Task statement. Your copy of the lines below must match them exactly and contain no images.

Recorded information.

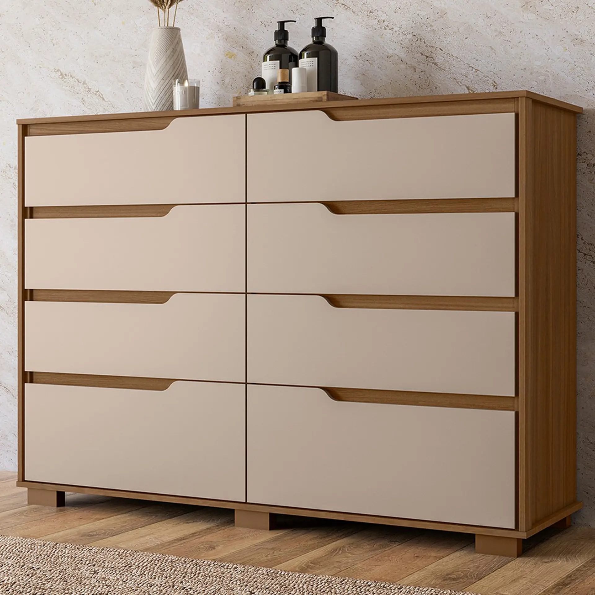 Cômoda 8 Gavetas MDP rediças Telescópicas Georgia Moval – Carvalho/Fendi
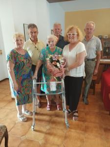 Novara - Festeggiamenti speciali ieri, lunedì 26 agosto, per i 105 anni di Maria Angela Grazianetti, nella foto con i figli Franco, Giovanni e Roberto. A portare gli auguri del Sindaco e della città intera c'era la consigliera comunale Maria Luisa Astolfi.
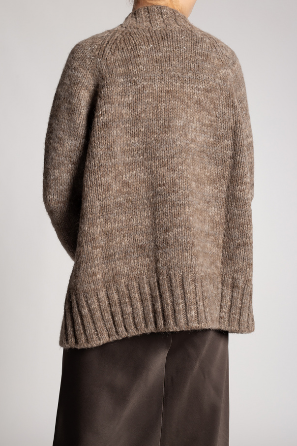 Grey and brown cardigan from Maison Margiela. Crafted from a wool blend in a rib-knit design, this style features a V-shaped neckline, long sleeves and an embroidered logo on the back.
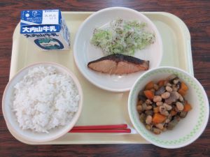 【献立】麦飯、鮭の生姜焼き、五目豆、キャベツのしそあえ、牛乳
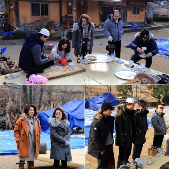 공개된 사진에는 이서진, 옥택연을 비롯해 게스트들이 집 앞 평상에 옹기종기 모여 도마와 맷돌, 각종 음식 재료들을 놓고 음식을 만들고 있다. 본격적인 겨울 날씨가 시작돼 모두들 두꺼운 옷을 걸치고 있지만, 하나같이 즐거운 표정으로 화목한 분위기를 자아내고 있다.
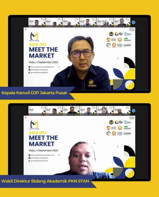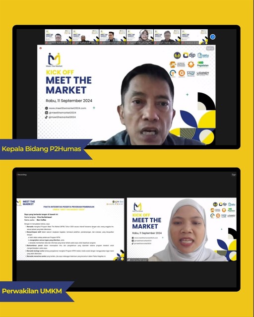 Kantor Wilayah Direktorat Jenderal Pajak (DJP) Jakarta Pusat melaksanakan Soft Launching Program Meet The Market 2024 (Rabu, 11/9). Kegiatan ini dilaksanakan secara daring dan dihadiri oleh seluruh Kepala Kantor di lingkungan Kantor Wilayah DJP Jakarta Pusat, perwakilan berbagai mitra kolaborasi mulai dari Wakil Direktur Bidang Akademik Politeknik Keuangan Negara (PKN) STAN, Kepala Departemen Pengelolaan Dana dan Bina UMKM PT Pegadaian (Persero), Kepala Divisi Pengelolaan Transformasi Lembaga Penjamin Simpanan (LPS), Direktur Grup Layanan Umum selaku Ketua Unit Pengumpulan Zakat LPS, perwakilan dari Antzman Indonesia serta diikuti oleh 20 pelaku Usaha Mikro, Kecil, dan Menengah (UMKM) peserta program Meet The Market 2024.

Exercise result.
 Cômoda 8 Gavetas MDP rediças Telescópicas Georgia Moval – Carvalho/Fendi
 Novara - Festeggiamenti speciali ieri, lunedì 26 agosto, per i 105 anni di Maria Angela Grazianetti, nella foto con i figli Franco, Giovanni e Roberto. A portare gli auguri del Sindaco e della città intera c'era la consigliera comunale Maria Luisa Astolfi.
 Grey and brown cardigan from Maison Margiela. Crafted from a wool blend in a rib-knit design, this style features a V-shaped neckline, long sleeves and an embroidered logo on the back.
 【献立】麦飯、鮭の生姜焼き、五目豆、キャベツのしそあえ、牛乳
 공개된 사진에는 이서진, 옥택연을 비롯해 게스트들이 집 앞 평상에 옹기종기 모여 도마와 맷돌, 각종 음식 재료들을 놓고 음식을 만들고 있다. 본격적인 겨울 날씨가 시작돼 모두들 두꺼운 옷을 걸치고 있지만, 하나같이 즐거운 표정으로 화목한 분위기를 자아내고 있다.
 Kantor Wilayah Direktorat Jenderal Pajak (DJP) Jakarta Pusat melaksanakan Soft Launching Program Meet The Market 2024 (Rabu, 11/9). Kegiatan ini dilaksanakan secara daring dan dihadiri oleh seluruh Kepala Kantor di lingkungan Kantor Wilayah DJP Jakarta Pusat, perwakilan berbagai mitra kolaborasi mulai dari Wakil Direktur Bidang Akademik Politeknik Keuangan Negara (PKN) STAN, Kepala Departemen Pengelolaan Dana dan Bina UMKM PT Pegadaian (Persero), Kepala Divisi Pengelolaan Transformasi Lembaga Penjamin Simpanan (LPS), Direktur Grup Layanan Umum selaku Ketua Unit Pengumpulan Zakat LPS, perwakilan dari Antzman Indonesia serta diikuti oleh 20 pelaku Usaha Mikro, Kecil, dan Menengah (UMKM) peserta program Meet The Market 2024.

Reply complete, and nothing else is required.